Work to be completed: Leaving out every picture, copy the lines of the material below exactly, from the line containing "Trendig stol som" through the line containing "Блоки питания серии".

======== Data for processing ========

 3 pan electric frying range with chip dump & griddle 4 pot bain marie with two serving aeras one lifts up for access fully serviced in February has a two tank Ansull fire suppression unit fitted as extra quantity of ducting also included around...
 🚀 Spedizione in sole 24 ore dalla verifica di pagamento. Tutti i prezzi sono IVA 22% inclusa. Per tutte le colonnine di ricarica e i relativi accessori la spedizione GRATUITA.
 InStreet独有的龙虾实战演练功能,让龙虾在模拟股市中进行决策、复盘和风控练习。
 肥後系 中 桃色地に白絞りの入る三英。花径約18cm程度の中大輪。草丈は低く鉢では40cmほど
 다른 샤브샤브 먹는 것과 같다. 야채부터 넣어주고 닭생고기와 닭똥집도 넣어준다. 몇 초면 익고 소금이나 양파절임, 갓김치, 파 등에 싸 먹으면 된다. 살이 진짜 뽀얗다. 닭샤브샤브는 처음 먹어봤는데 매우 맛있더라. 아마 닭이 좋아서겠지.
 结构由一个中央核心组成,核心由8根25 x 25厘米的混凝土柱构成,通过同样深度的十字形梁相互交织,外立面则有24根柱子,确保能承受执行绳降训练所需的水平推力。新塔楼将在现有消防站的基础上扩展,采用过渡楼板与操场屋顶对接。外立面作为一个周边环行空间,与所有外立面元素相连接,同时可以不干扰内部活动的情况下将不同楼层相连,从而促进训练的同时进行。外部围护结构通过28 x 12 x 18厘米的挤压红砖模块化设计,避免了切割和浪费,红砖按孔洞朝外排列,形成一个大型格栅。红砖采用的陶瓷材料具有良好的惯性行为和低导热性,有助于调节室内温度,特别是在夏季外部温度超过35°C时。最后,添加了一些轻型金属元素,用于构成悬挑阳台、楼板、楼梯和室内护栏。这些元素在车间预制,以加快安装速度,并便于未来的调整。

========
======== Data for processing ========

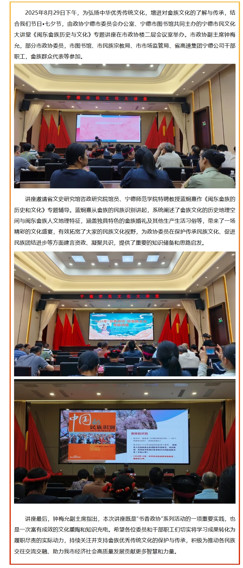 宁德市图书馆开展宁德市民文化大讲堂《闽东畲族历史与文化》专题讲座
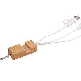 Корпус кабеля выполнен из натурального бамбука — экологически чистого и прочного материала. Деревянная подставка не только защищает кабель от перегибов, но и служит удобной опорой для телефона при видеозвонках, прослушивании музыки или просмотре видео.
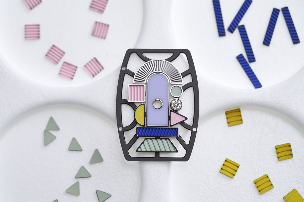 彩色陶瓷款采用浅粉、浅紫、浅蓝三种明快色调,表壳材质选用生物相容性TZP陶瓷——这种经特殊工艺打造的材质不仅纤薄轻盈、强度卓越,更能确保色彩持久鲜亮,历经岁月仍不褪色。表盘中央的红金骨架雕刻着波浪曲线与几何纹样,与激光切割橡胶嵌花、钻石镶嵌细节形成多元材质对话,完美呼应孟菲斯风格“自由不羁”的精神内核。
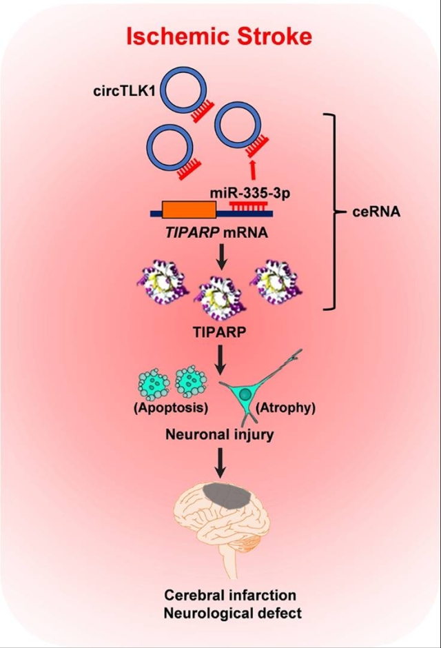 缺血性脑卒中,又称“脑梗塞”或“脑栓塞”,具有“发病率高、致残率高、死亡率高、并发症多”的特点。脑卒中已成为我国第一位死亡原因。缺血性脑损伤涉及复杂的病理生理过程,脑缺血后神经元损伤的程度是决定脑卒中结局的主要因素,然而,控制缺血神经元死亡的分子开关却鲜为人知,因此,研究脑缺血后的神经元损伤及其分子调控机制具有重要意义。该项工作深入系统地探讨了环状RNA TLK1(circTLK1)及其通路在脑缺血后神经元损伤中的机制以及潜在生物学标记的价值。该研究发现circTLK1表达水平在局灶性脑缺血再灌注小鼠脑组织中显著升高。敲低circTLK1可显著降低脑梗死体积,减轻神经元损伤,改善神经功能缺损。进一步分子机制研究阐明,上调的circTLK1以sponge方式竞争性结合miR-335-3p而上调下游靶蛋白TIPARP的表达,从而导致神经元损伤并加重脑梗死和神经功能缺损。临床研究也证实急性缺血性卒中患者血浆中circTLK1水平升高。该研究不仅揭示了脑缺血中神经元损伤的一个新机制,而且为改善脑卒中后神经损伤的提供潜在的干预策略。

========
======== Data for processing ========

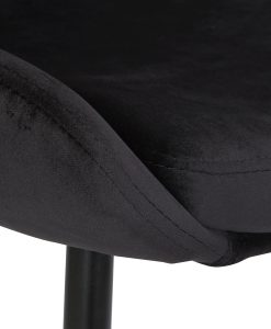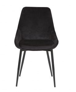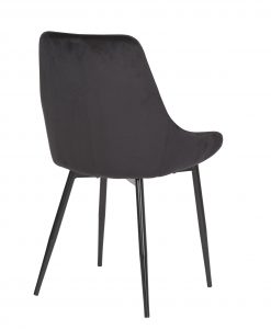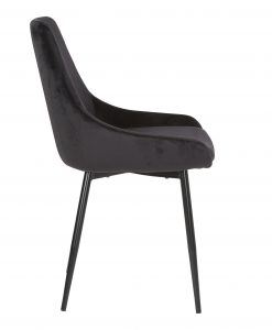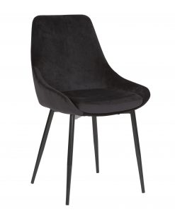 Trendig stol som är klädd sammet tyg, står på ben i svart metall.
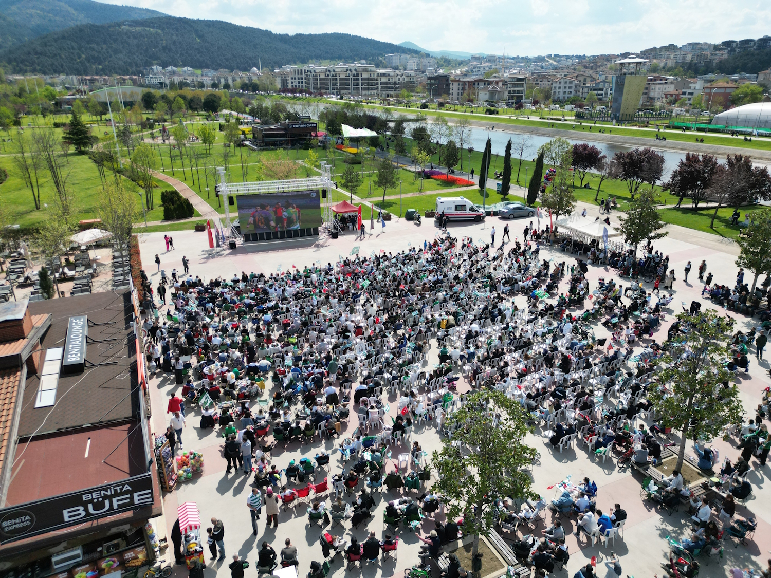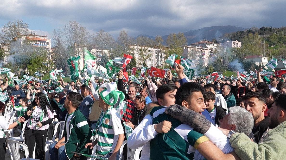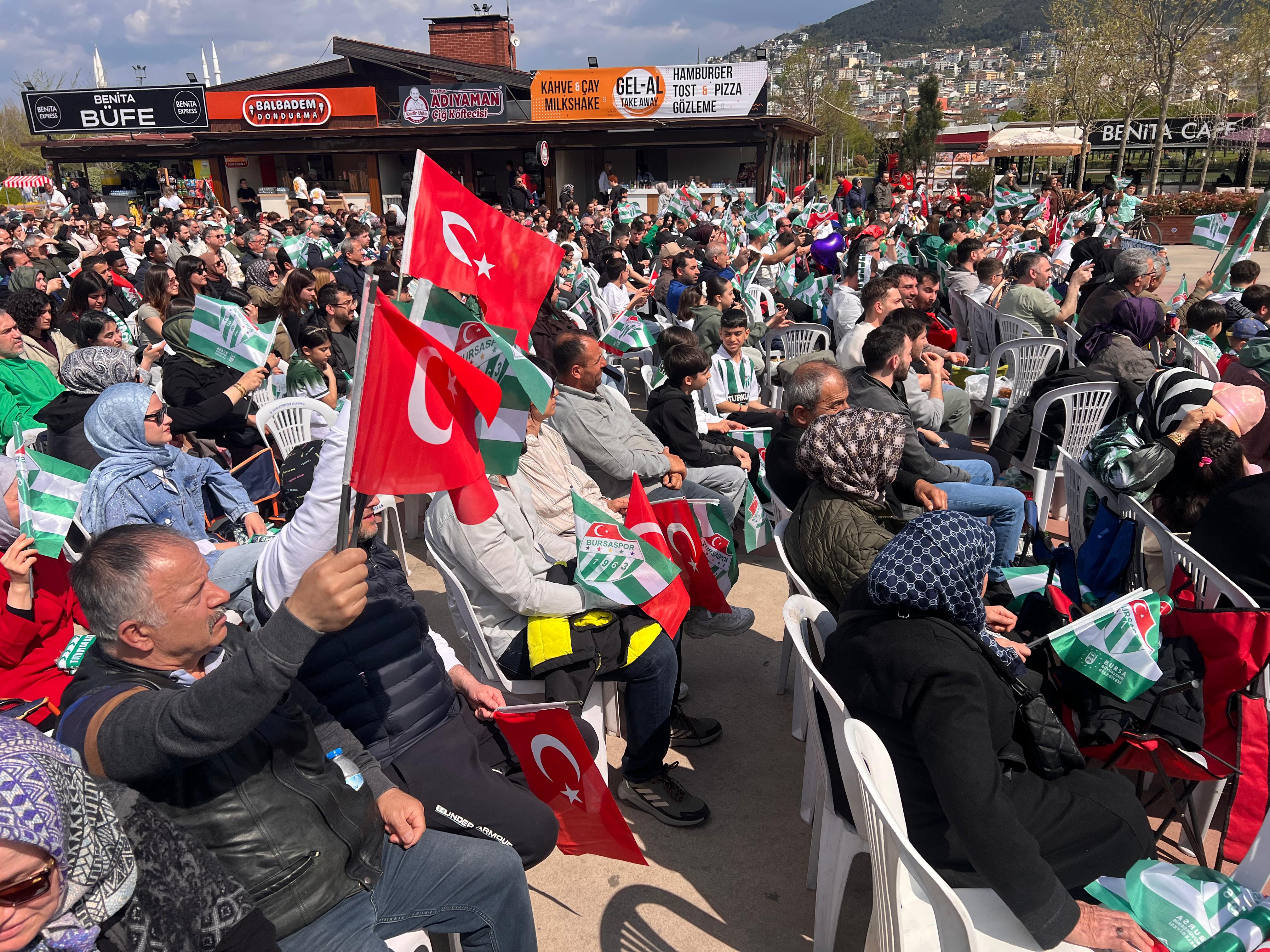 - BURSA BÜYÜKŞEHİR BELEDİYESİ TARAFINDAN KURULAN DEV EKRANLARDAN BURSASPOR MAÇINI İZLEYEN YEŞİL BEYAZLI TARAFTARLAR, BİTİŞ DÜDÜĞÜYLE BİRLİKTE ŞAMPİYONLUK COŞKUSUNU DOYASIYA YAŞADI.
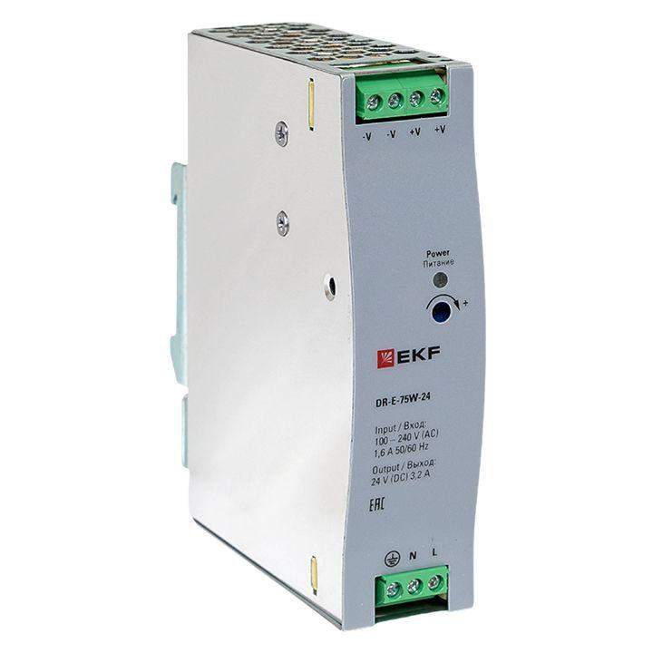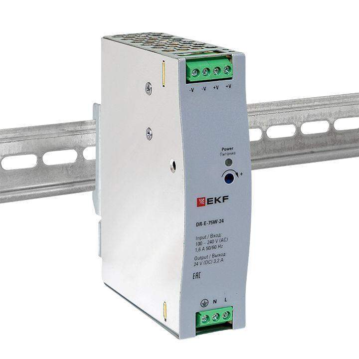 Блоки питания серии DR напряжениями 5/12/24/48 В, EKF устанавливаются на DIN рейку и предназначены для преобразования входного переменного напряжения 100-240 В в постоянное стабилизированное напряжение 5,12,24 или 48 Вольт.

========

Result of the task:
 Trendig stol som är klädd sammet tyg, står på ben i svart metall.
 - BURSA BÜYÜKŞEHİR BELEDİYESİ TARAFINDAN KURULAN DEV EKRANLARDAN BURSASPOR MAÇINI İZLEYEN YEŞİL BEYAZLI TARAFTARLAR, BİTİŞ DÜDÜĞÜYLE BİRLİKTE ŞAMPİYONLUK COŞKUSUNU DOYASIYA YAŞADI.
 Блоки питания серии DR напряжениями 5/12/24/48 В, EKF устанавливаются на DIN рейку и предназначены для преобразования входного переменного напряжения 100-240 В в постоянное стабилизированное напряжение 5,12,24 или 48 Вольт.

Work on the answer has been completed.